Why it matters for managed careIllinois Medicaid MCOs must develop new health information management systems to segregate reproductive health records and implement compliance protocols for multi-state coordination requests, affecting care coordination, third-party liability processes, and data sharing agreements.
State Policy·KY·7:32 AM MT
Eastern Kentucky is using opioid settlement funding to support programs addressing substance use disorders, housing instability, and food insecurity in rural communities. The initiative targets regions heavily affected by the opioid crisis with integrated support services. No specific implementation timeline or funding amount is provided in the reporting. This represents Kentucky's approach to deploying settlement resources for behavioral health infrastructure in underserved areas.
Why it matters for managed careKentucky Medicaid MCOs operating in rural regions may see increased utilization of substance use disorder treatment services as settlement-funded programs expand access and connect members to care networks.
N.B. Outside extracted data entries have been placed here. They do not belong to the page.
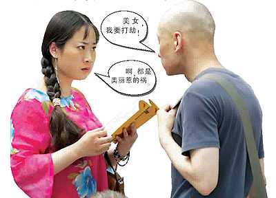 該片包括三個小故事。首先拍攝的是故事《打劫》。導(dǎo)演劉浩說,劇本是依照著芙蓉姐姐本身的性格編寫的。《打劫》表現(xiàn)了一名被打劫的女子,和劫匪進(jìn)行智斗的故事。現(xiàn)場,芙蓉姐姐的衣著依然走夸張性感路線,身穿一件半透明的薄紗上衣,腿上套著一條緊繃繃的繡著花紋的白褲子。但她面對鏡頭時比較自然,表演也算自如,導(dǎo)演對她一直以“美女”相稱,芙蓉姐姐滿口答應(yīng)。
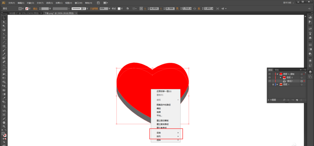 6、变换红心层次:点击灰色红心图层往红心图层上拖动,使灰色红心在红色红心下面。或者我们单击鼠标右键,弹出一个小窗口,点击排列。后移一层。(如下图)
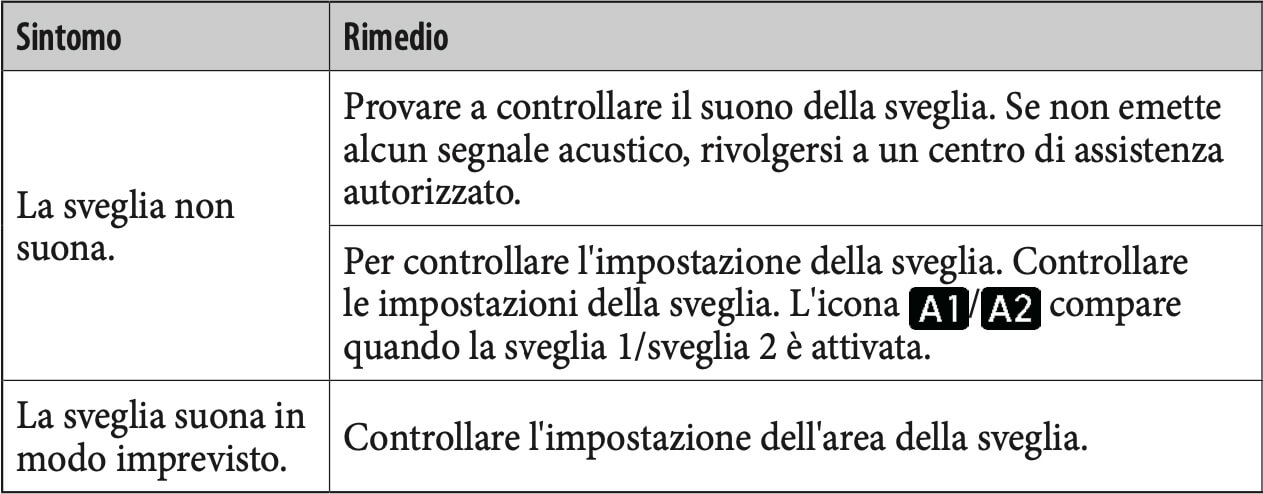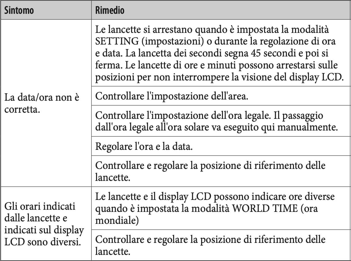 Se l'orologio continua ad avere problemi anche dopo aver tentato le seguenti soluzioni, rivolgersi a un centro di assistenza autorizzato.
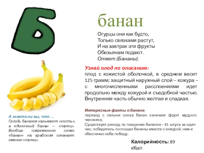 Гроздь бананов называют «кисть», а единичный банан — «палец». Вообще современное слово «банан» на арабском означает именно «палец».
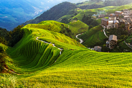 该作品分为“田园风光——秀美广西”“逐梦新时代——青运会”两组,描绘了广西山水田园如画如诗,层层梯田洋溢秋天丰收的喜悦,展现了壮乡人民的勤劳智慧、八桂大地的秀美山河、广西发展蕴藏的生机与活力。

State Policy·FL·7:30 AM MT
Florida Attorney General Ashley Moody has launched an investigation into CVS Health for alleged anticompetitive pharmacy practices. The probe examines whether CVS is using its integrated pharmacy benefit manager and retail pharmacy operations to disadvantage competitors and increase drug costs. This investigation follows similar state-level actions targeting PBM practices and comes amid broader scrutiny of vertical integration in the pharmacy supply chain. The inquiry could result in enforcement actions, consent agreements, or legislation affecting how PBMs operate in Florida's commercial and Medicaid markets.
Why it matters for managed careFlorida Medicaid managed care organizations contract with PBMs including CVS Caremark, and any enforcement action or resulting policy changes could affect pharmacy network arrangements, reimbursement structures, and prescription drug spending in Medicaid managed care contracts.